Additionally, there are environmental, technological, and long-term growth reasons to favor more density, but I’ll leave those aside. (See here for an in-depth discussion.)

Now, things are much more complicated than that; arguably a tangled regulatory framework and other restrictions like setbacks and parking minimums are the bigger culprit in terms of restricting density overall. But height limit reform seems like the place to start building a new pro-density coalition. Downtown DC, which would be most affected, has the biggest potential for new tax revenue, and it’s where most people work. Cheaper rents and lower taxes means a salary increase for everyone!

What frustrates me about this debate is how defenders of the status quo typically don’t even address this point, and instead focus almost entirely on character or aesthetics. To the extent that economic arguments are addressed at all, people typically claim that since new buildings now tend to be luxury apartments, if restrictions are relaxed all new building will be luxury apartments.

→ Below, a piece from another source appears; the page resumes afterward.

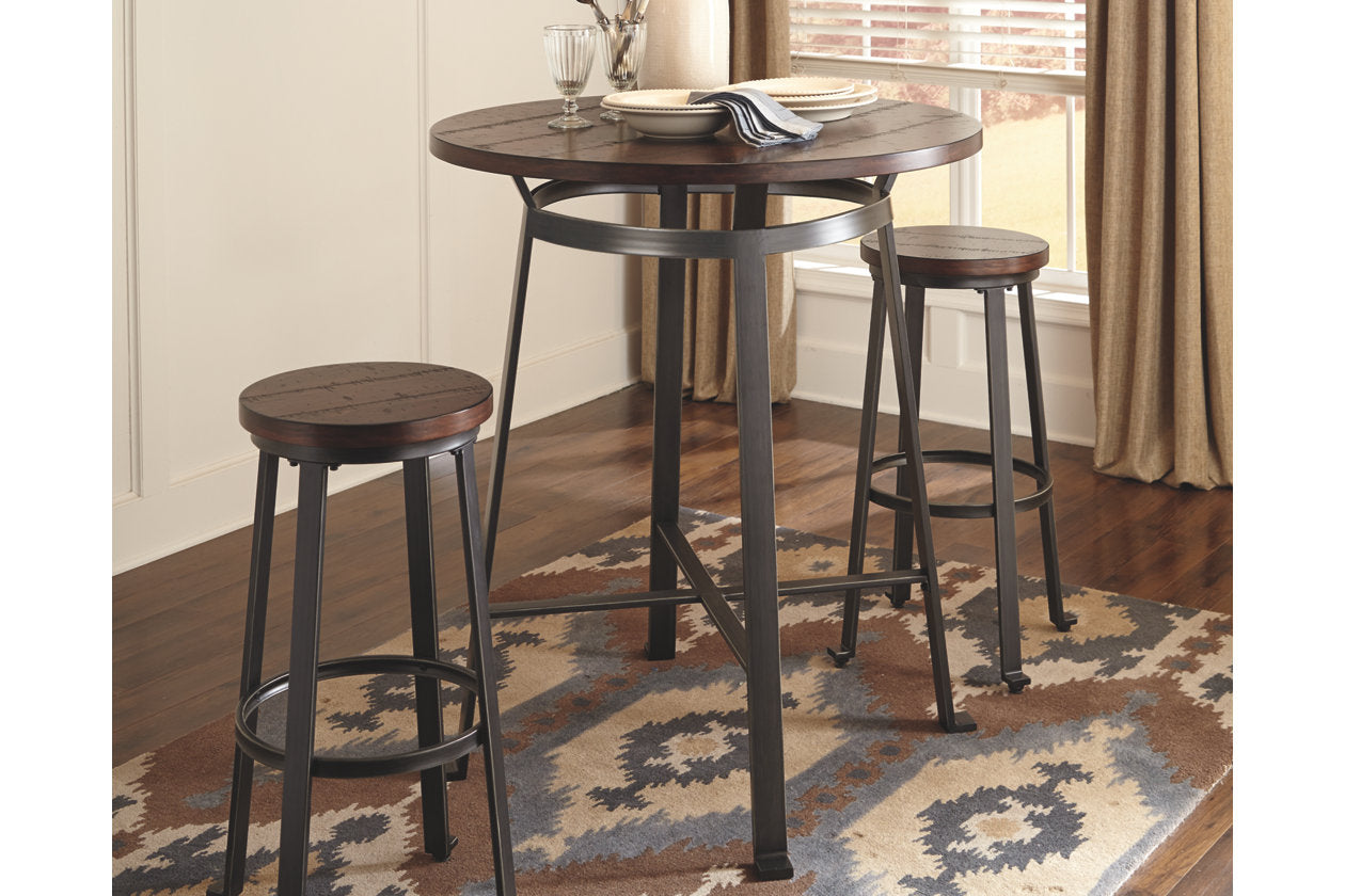 Rustic in feel with modern appeal, the Challiman dining room pub table is styled with fascinating flair. Veneered plank table surface serves up cool distressed character. Sculptural legs punctuated by L-shape feet form the industrial-inspired base.

I think this gets things backward.

Anyway, to my eye, outside of the Mall-Capitol-White House area, DC is a fairly dull city architecturally, full of quaint but crumbling rowhouses and whole lot of boxy 70s office buildings. Maybe I’m just a blinkered philistine, but in my view removing the height limit (and similar restrictions across the country) would provide substantial economic benefit to a great many people while doing little harm to the city’s overall aesthetic merit.